Top of Data shown

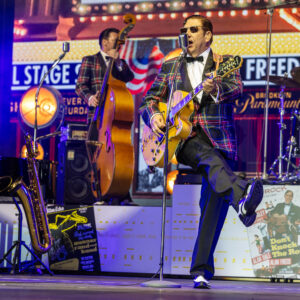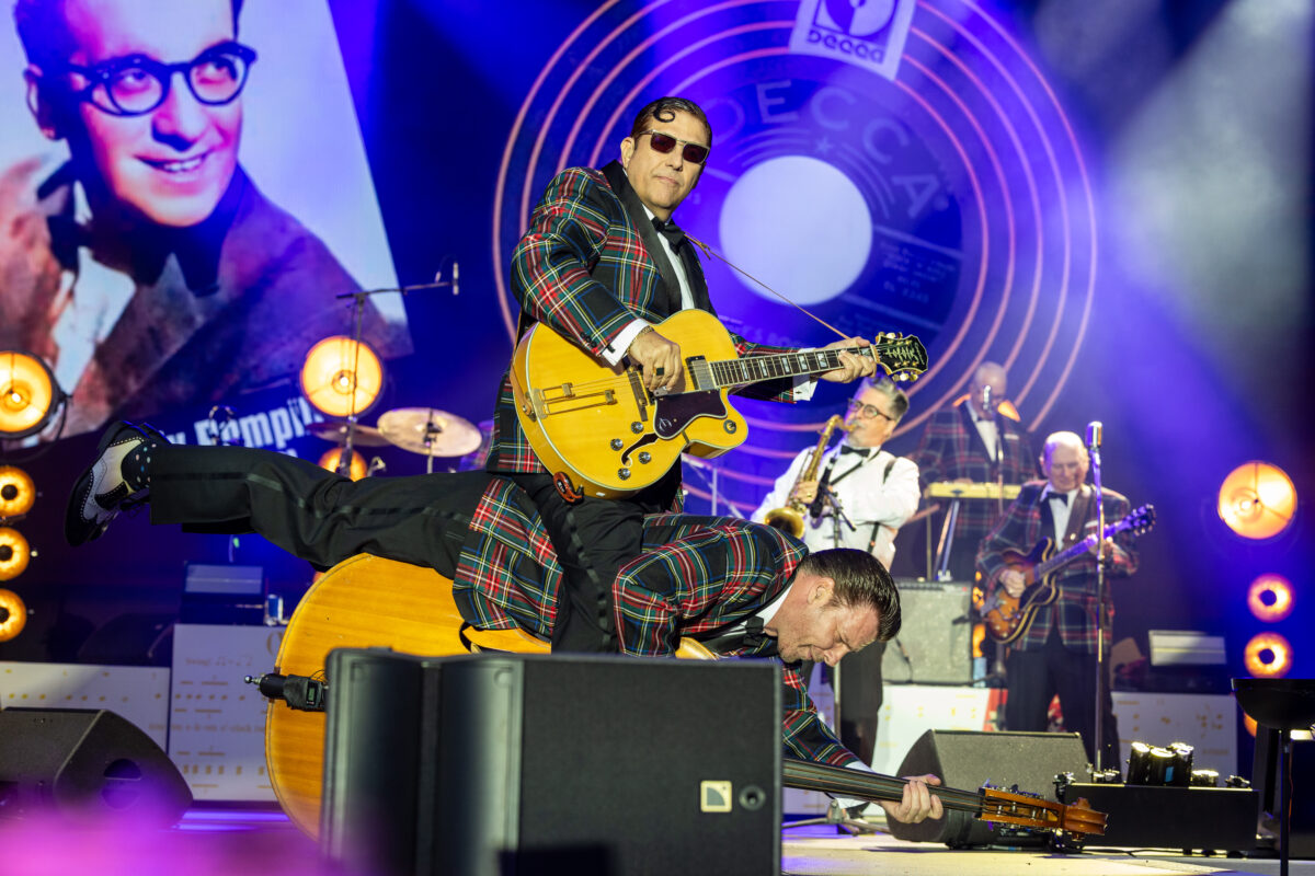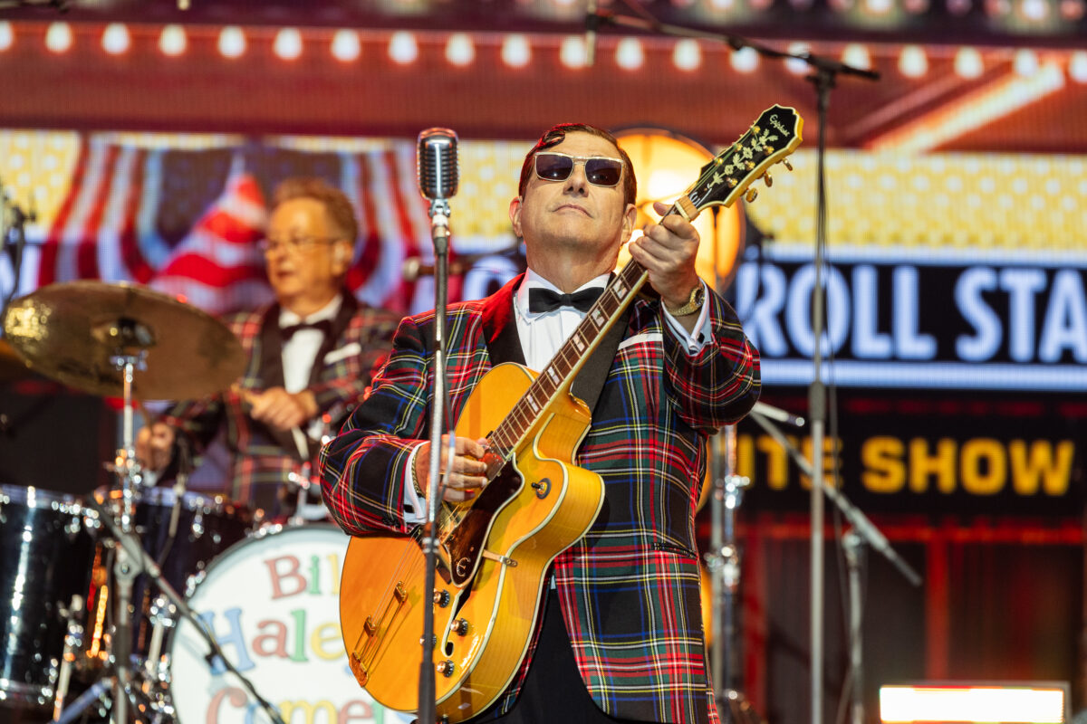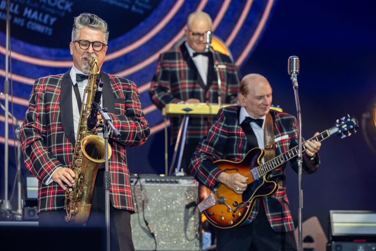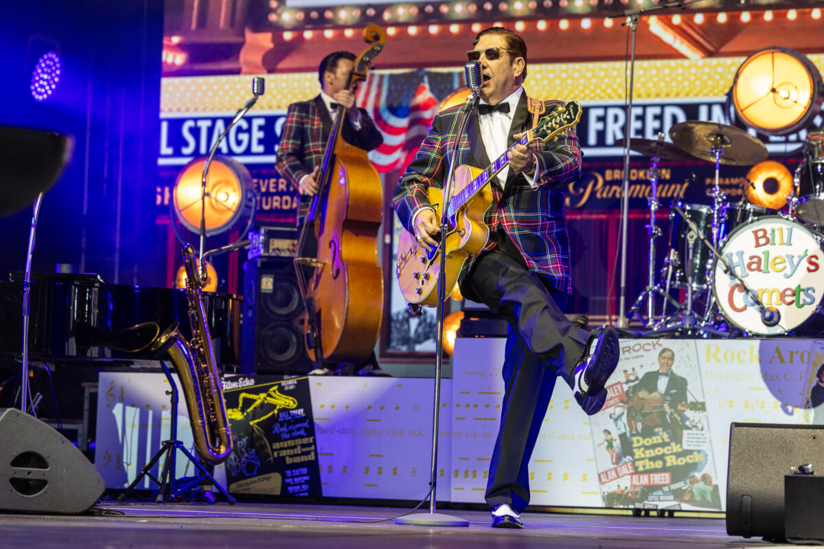 Performing half a century in Bill Haley’s name means thousands of gigs all over the world, all-time most popular rock songs, double basses flying through the air, drums walking across the stage, saxophones leaping over tables and guitar strings ringing to a rhythm that hasn’t lost its thrill for 70 years. Music that even today makes fans jump off their chairs and girls faint by dozens. – This is the true spirit of classic rock ’n’ roll…!
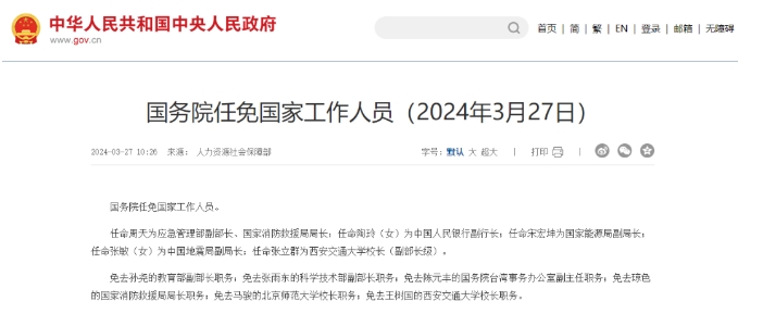 任命宋宏坤為國家能源局副局長;任命張敏(女)為中國地震局副局長;任命張立群為西安交通大學(xué)校長(副部長級)。
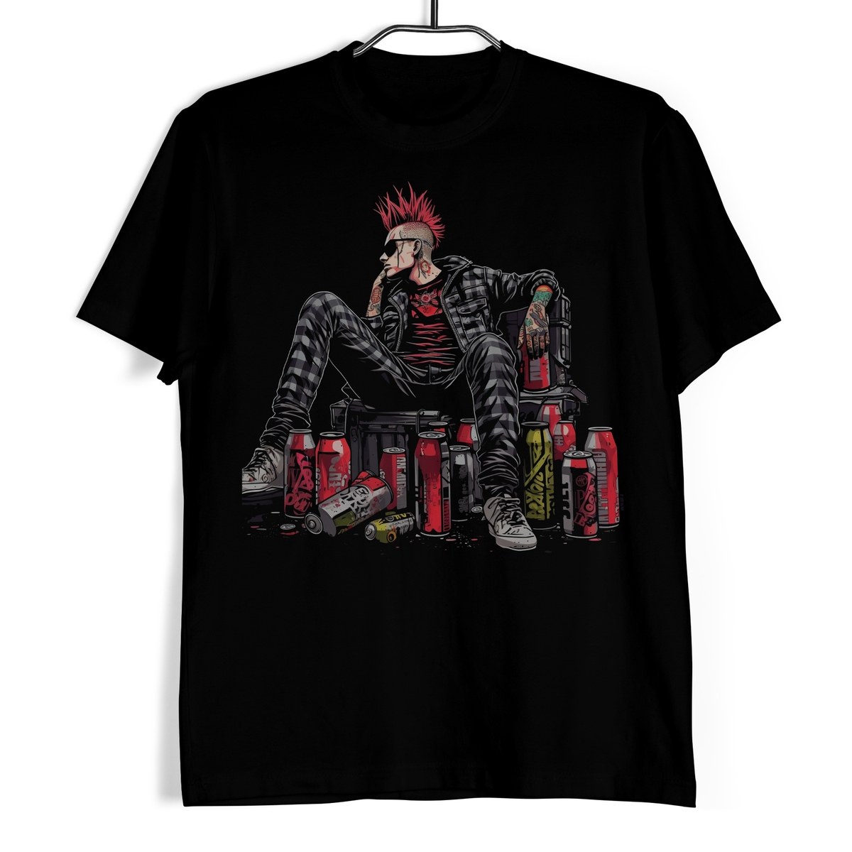 Koszulka męska w kolorze czarnym z nadrukiem wytatuowanego punka wśród puszek.
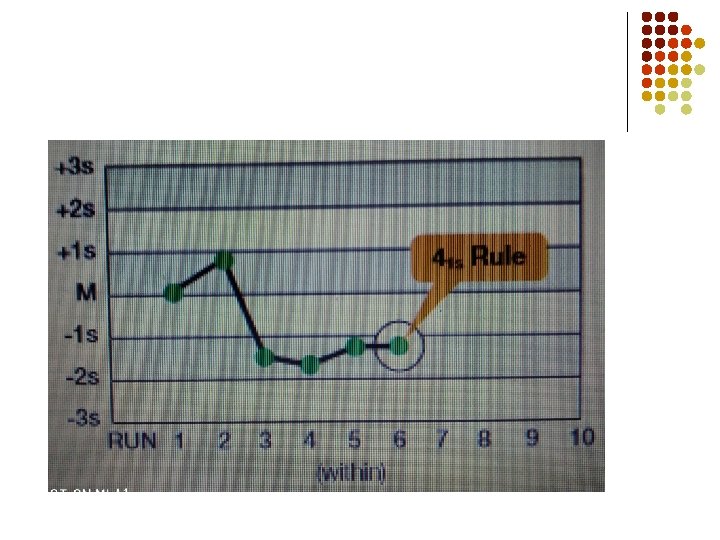 Warning 41 SD : It is violated if four consecutive IQC values exceed the same limit (mean � 1 SD) and this may indicate the need to perform instrument maintenance or reagent calibration.
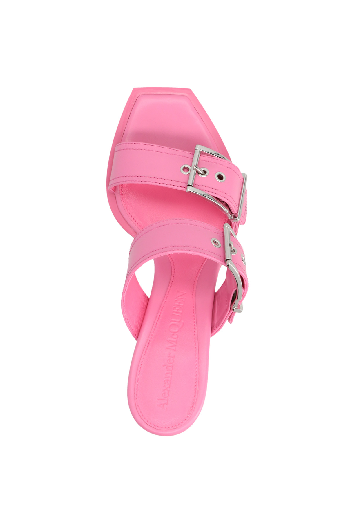 'Punk' leather sandals with silver finish buckles, and a square toe, a eadded leather insole, a logo, and shiny stiletto heels.heels.
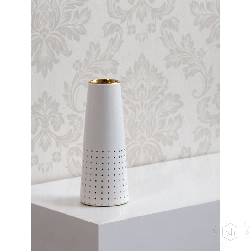 The Beca Vase features an elongated cylindrical design in white with elegant gold accents. Perfect as a solo statement or layered on work desks, it enhances any formal space effortlessly.
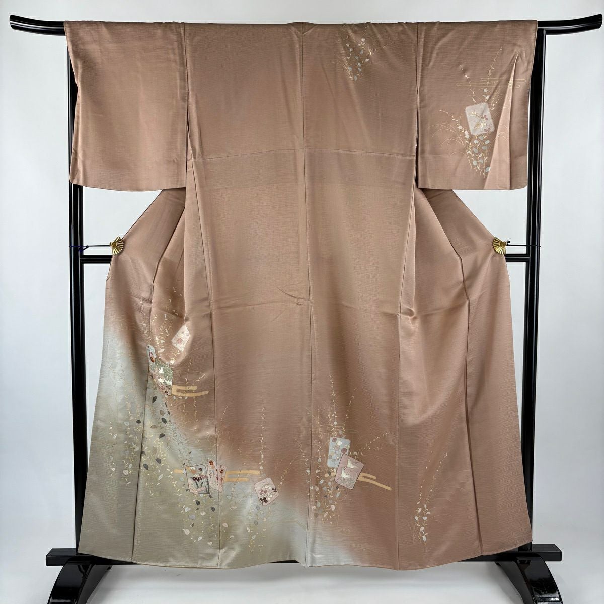 付下げ 身丈161cm 裄丈63.5cm S 袷 扇面 草花 刺繍 茶色 正絹 秀品
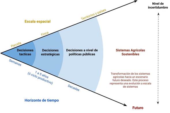 El cono de la incertidumbre permite representar adecuadamente la jerarquía de los problemas de decisión en el sector agrícola (figura 3). En esta representación, la incertidumbre aumenta en proporción a la escala espacio-temporal de los problemas de decisión. Este incremento en la incertidumbre está asociado a que entre más lejos ocurran los eventos en el futuro, más difícil es predecirlos, y entre más grande la escala de un territorio, mayor es la heterogeneidad del paisaje.
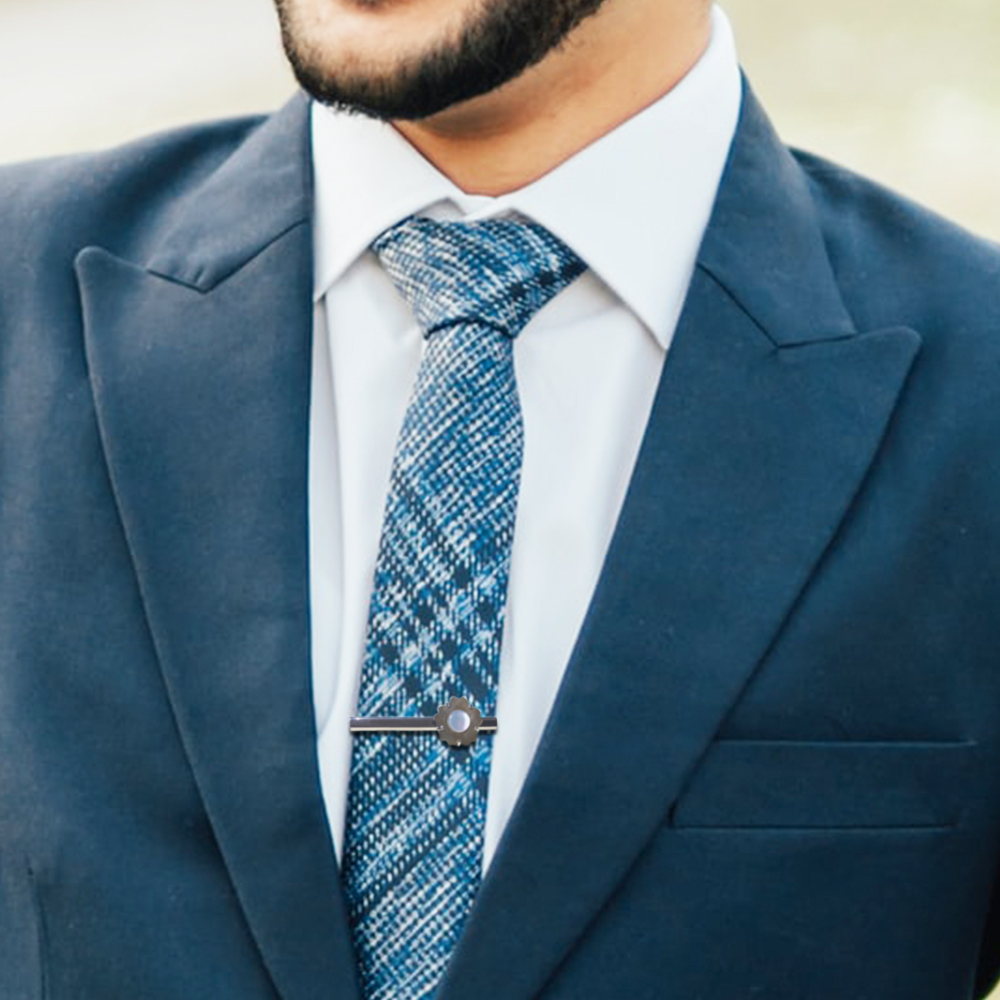 白蝶貝のセンターに黒蝶貝のパーツを組み合わせました。スーツのマストアイテムであるネクタイピン。実用的はもちろんのこと、ワンポイントのおしゃれに最適です。
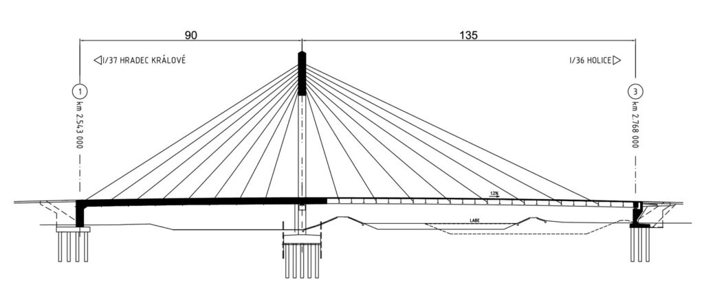 „Povodí požaduje volný přístup k toku Labe, to prakticky vyloučilo návrh elegantního obloukového mostu. Zbýval zavěšený most, případně se dalo uvažovat o mostě se dvěma pylony, ale to by bylo o něco nákladnější než most s jedním pylonem. Po zvážení všech možností lze hodnotit koncepci zadání jako rozumnou,“ uvádí dr. Petr Vítek ze společnosti Hochtief a dodává: „Konstrukční řešení jsme optimalizovali i ve vazbě na technologii výstavby. V době před podáním nabídky byla na trhu vysoká cena oceli, což vedlo k návrhu betonové konstrukce. Nemohli jsme tak využít rozdílu tíhy ocelové a betonové konstrukce k eliminaci rozdílu délek polí, jak tomu bylo v zadání. Ukládání balastu do kratšího pole jsme nepovažovali za efektivní a kotvení do podloží je pro tak velký most prakticky nereálné. Další úvaha vedla k symetrickému mostu se stejnou délkou polí, ale nakonec jsme zvolili řešení s délkami polí 122 + 135 m, kde je symetrická osnova závěsů. Tíhu chybějící délky mostovky v kratším poli jsme kompenzovali mohutným podporovým příčníkem, do kterého je zakotven nejdelší závěs. Nesymetrie s kotvením závěsu v příčníku přispívá k tuhosti konstrukce. Účelnost této koncepce byla zpochybňována, zejména s ohledem na jednoduchý výpočet ceny mostu z plochy mostovky. Z toho totiž vyplývalo, že delší most rovná se vyšší cena. Porovnáme-li však hlavní položky varianty s delším rozpětím proti variantě s balastem, zjistíme, že tento přístup vede k nesmyslnému závěru. Náklady na závěsy jsou na délce mostu prakticky nezávislé, rozhodující je cena kotevního systému a sedel na pylonu, nepatrná úspora délky lan není rozhodující. Máme-li mít vyvážený systém, pak spotřeba betonu je stejná. Podélné předpětí nakonec vychází obdobně, neboť kratší pole s balastem je těžší a vyžaduje relativně více předpětí. Zvýšené náklady prodloužení mostu jsou tedy především v betonářské výztuži a v příčném předpětí, bohatě je však kompenzuje nižší opěra a také úspora násypového materiálu.“

Bottom of Data shown

**Exercise details**
Your reply should restate the data above word for word and contain no pictures.

**Reply**
 Performing half a century in Bill Haley’s name means thousands of gigs all over the world, all-time most popular rock songs, double basses flying through the air, drums walking across the stage, saxophones leaping over tables and guitar strings ringing to a rhythm that hasn’t lost its thrill for 70 years. Music that even today makes fans jump off their chairs and girls faint by dozens. – This is the true spirit of classic rock ’n’ roll…!
 任命宋宏坤為國家能源局副局長;任命張敏(女)為中國地震局副局長;任命張立群為西安交通大學(xué)校長(副部長級)。
 Koszulka męska w kolorze czarnym z nadrukiem wytatuowanego punka wśród puszek.
 Warning 41 SD : It is violated if four consecutive IQC values exceed the same limit (mean � 1 SD) and this may indicate the need to perform instrument maintenance or reagent calibration.
 'Punk' leather sandals with silver finish buckles, and a square toe, a eadded leather insole, a logo, and shiny stiletto heels.heels.
 The Beca Vase features an elongated cylindrical design in white with elegant gold accents. Perfect as a solo statement or layered on work desks, it enhances any formal space effortlessly.
 付下げ 身丈161cm 裄丈63.5cm S 袷 扇面 草花 刺繍 茶色 正絹 秀品
 El cono de la incertidumbre permite representar adecuadamente la jerarquía de los problemas de decisión en el sector agrícola (figura 3). En esta representación, la incertidumbre aumenta en proporción a la escala espacio-temporal de los problemas de decisión. Este incremento en la incertidumbre está asociado a que entre más lejos ocurran los eventos en el futuro, más difícil es predecirlos, y entre más grande la escala de un territorio, mayor es la heterogeneidad del paisaje.
 白蝶貝のセンターに黒蝶貝のパーツを組み合わせました。スーツのマストアイテムであるネクタイピン。実用的はもちろんのこと、ワンポイントのおしゃれに最適です。
 „Povodí požaduje volný přístup k toku Labe, to prakticky vyloučilo návrh elegantního obloukového mostu. Zbýval zavěšený most, případně se dalo uvažovat o mostě se dvěma pylony, ale to by bylo o něco nákladnější než most s jedním pylonem. Po zvážení všech možností lze hodnotit koncepci zadání jako rozumnou,“ uvádí dr. Petr Vítek ze společnosti Hochtief a dodává: „Konstrukční řešení jsme optimalizovali i ve vazbě na technologii výstavby. V době před podáním nabídky byla na trhu vysoká cena oceli, což vedlo k návrhu betonové konstrukce. Nemohli jsme tak využít rozdílu tíhy ocelové a betonové konstrukce k eliminaci rozdílu délek polí, jak tomu bylo v zadání. Ukládání balastu do kratšího pole jsme nepovažovali za efektivní a kotvení do podloží je pro tak velký most prakticky nereálné. Další úvaha vedla k symetrickému mostu se stejnou délkou polí, ale nakonec jsme zvolili řešení s délkami polí 122 + 135 m, kde je symetrická osnova závěsů. Tíhu chybějící délky mostovky v kratším poli jsme kompenzovali mohutným podporovým příčníkem, do kterého je zakotven nejdelší závěs. Nesymetrie s kotvením závěsu v příčníku přispívá k tuhosti konstrukce. Účelnost této koncepce byla zpochybňována, zejména s ohledem na jednoduchý výpočet ceny mostu z plochy mostovky. Z toho totiž vyplývalo, že delší most rovná se vyšší cena. Porovnáme-li však hlavní položky varianty s delším rozpětím proti variantě s balastem, zjistíme, že tento přístup vede k nesmyslnému závěru. Náklady na závěsy jsou na délce mostu prakticky nezávislé, rozhodující je cena kotevního systému a sedel na pylonu, nepatrná úspora délky lan není rozhodující. Máme-li mít vyvážený systém, pak spotřeba betonu je stejná. Podélné předpětí nakonec vychází obdobně, neboť kratší pole s balastem je těžší a vyžaduje relativně více předpětí. Zvýšené náklady prodloužení mostu jsou tedy především v betonářské výztuži a v příčném předpětí, bohatě je však kompenzuje nižší opěra a také úspora násypového materiálu.“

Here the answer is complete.